To further validate the superiority of the proposed BESTTLS in simultaneously monitoring surface roughness and tool wear, a broad two-task learning system (BTTLS) and a fuzzy broad two-task learning system (FBTTLS) were developed for comparison. These two models are two-task monitoring models designed based on BLS and fuzzy broad learning system (FBLS)29 respectively. Figs. 8 and 9 present the results obtained from the various models. Specifically, Fig. 8 shows the predictions for surface roughness, while Fig. 9 displays the results of tool condition monitoring. Through comparative analysis, it can be clearly seen that the proposed method BESTTLS has significant advantages.

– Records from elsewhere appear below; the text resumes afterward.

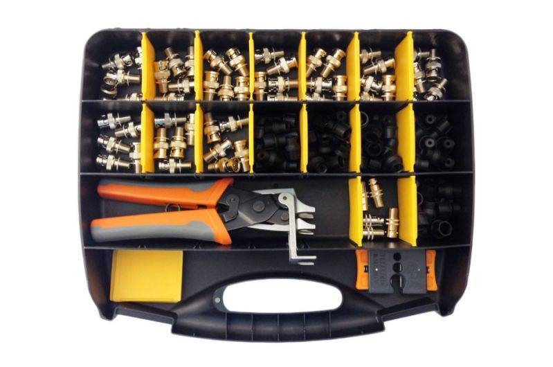 CaP-KIT HD Starter Telecom & Security, BNC Steckverbinder HD-TVI Starter Kit mit 50 Steckern, Werkzeuge
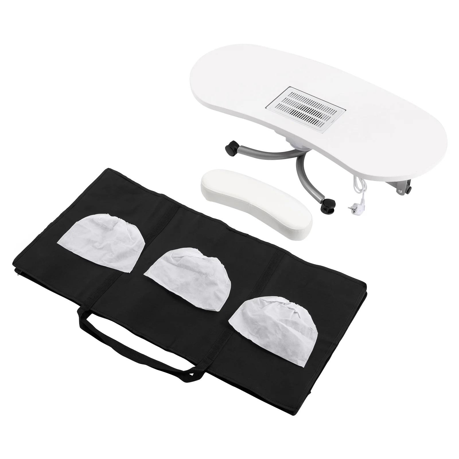 If you still worry about not having the right tools for manicures, this manicure table will be your ideal choice. Made of MDF and iron tube, it is sturdy and durable. Equipped with a nail vacuum cleaner, safety grille, dust collection bag, and waterproof tote bag, it can provide you with an ideal nail enhancement experience.
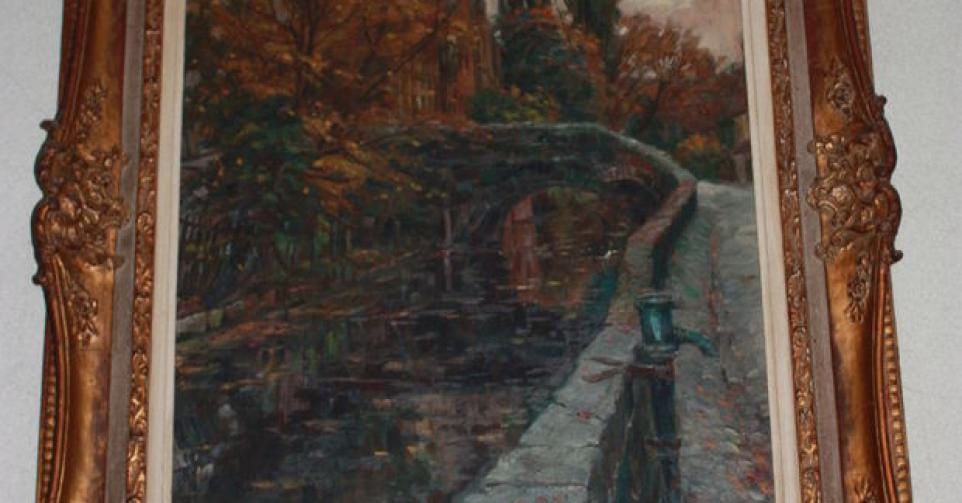 Wat de prijzen betreft voor de schilderijen van Lionel Poupaert vrees ik dat u niet goed bent geïnformeerd. De prijzen van de klassieke Brugse School zijn trouwens over het algemeen sterk gedaald. Dat geldt trouwens voor alle lokale schilderscholen. Maar de werken van Poupaert worden niet hoog gewaardeerd, hooguit een paar honderd euro. We schatten de waarde van dit tableau dat de Peerdebrug in Brugge voorstelt, op 250 euro.
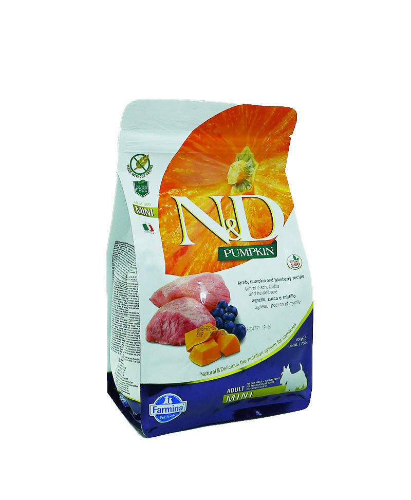 FARMINA DOG N&D GRAIN FREE PUMPKIN ADULT MINI LAMB & BLUEBERRY беззерновой для взрослых собак маленьких пород с ягненком, черникой и тыквой (0,8 кг)
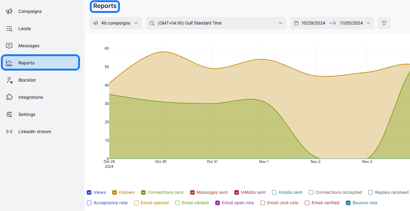 The Reports page is where all your stats and figures live. Here, you're in command—you can choose the timeframe you want to analyze (start and end date), whether it's the last week, month, or a custom range.
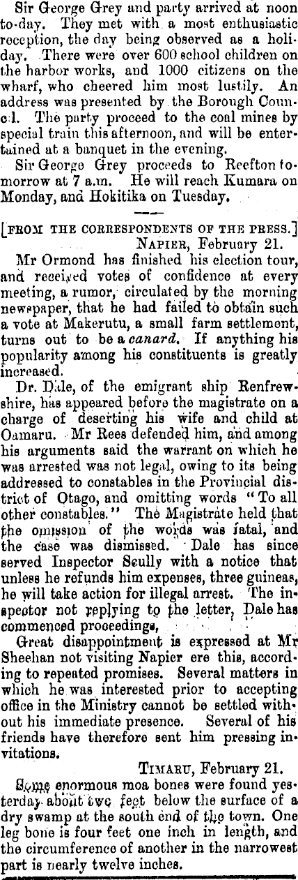 Sir Q-eorge Grey and party arrived at noon to-day. They met with a most enthusiastic reception, the day being observed as a holiday. There were over 600 school children on the harbor works, and 1000 citizens on the wharf, who cheered him most lustily. An address was presented by the Borough Couno:l. The party proceed to the coal mines by special train this afternoon, and will be entertained at a banquet in the evening. Sir George Grey proceeds to Reefton tomorrow at 7 a.m. He will reach Kumara on Monday, and Hokitika on Tuesday. [PBOJI THE COEEESPONDENTS OF THE PEESS.] Napier, February 21. Mr Ormond has finished his election tour, and received votes of confidence at every meeting, a rumor, circulated by the morning newspaper, that he had failed to obtain such a vote at Makerutu, a small farm settlement, turns out to be a canard. If anything his popularity among his constituents is greatly increased. Dr. Dale, of the emigrant ship Renfrewshire, has appeared before the magistrate on a charge of deserting his wife and child at Oamaru. Mr Rees defended him, and among his arguments said the warrant on which he waß arrested was not legal, owing to its being addressed to constables in the Provincial district of Otago, and omitting words "To all other constables." The Magistrate held that f;he omittsion of the words was fatal, and the case was dismissed. Dale has since served Inspector Seully with a notice that unless he refunds him expenses, three guineas, he will take action for illegal arrest. The inepeotor not replying tp fhe letter, Dale has commenced prooeedingu, G-reat disappointment is expressed at Mr Sheehan not visiting Napier ere this, according to repeated promises. Several matters in which he was interested prior to accepting office in the Ministry cannot be settled without his immediate presence. Several of his friends have therefore sent him pressing invitations. TniABF, February 21. S&mtf enormous moa bones were found yesterday about two, feet below the surface of a dry swamp at the south end. of thp town. One leg bone is four feet one inch in length, and the circumference of another in the narrowest part is nearly twelve inches. —■'" .;.,r "

In addition, Fig. 10 shows a comprehensive performance comparison of several two-task models for surface roughness prediction and tool wear condition monitoring. The results indicate that both of the above two-task monitoring methods can accurately predict the tool wear condition, demonstrating their effectiveness in evaluating tool health status. The MAPE of BTTLS, FBTTLS, and BESTTLS in predicting surface roughness are 7.57%, 10.14%, and 5.75%, respectively. The performance of BESTTLS is obviously better than that of the other models. In conclusion, BESTTLS outperforms other models significantly in simultaneous monitoring of surface roughness and tool wear.

Fig. 10
figure 10

Comparison of model performance for surface roughness prediction and tool wear condition monitoring.

Conclusion

To fully exploit experimental data and avoid time-consuming and laborious repetitive work, this paper constructs a novel broad echo state two-task learning system (BESTTLS), which uses the reservoir with echo state characteristics for each sub-task to capture their respective dynamic characteristics while sharing information. When the system performance does not meet the requirements, incremental learning is performed to achieve higher system performance. Finally, an end-face milling experiment was conducted on a vertical three-axis machining center to validate the effectiveness of the proposed BESTTLS in simultaneously monitoring surface roughness and tool wear. During the milling process, vibration, current, and cutting force signals were collected, followed by feature extraction and nonlinear dimensionality reduction. To further validate the superiority of BESTTLS, its prediction results were compared with those of the BTTLS and FBTTLS two-task learning methods. The results indicate that BESTTLS significantly outperforms the other methods in simultaneously monitoring surface roughness and tool wear.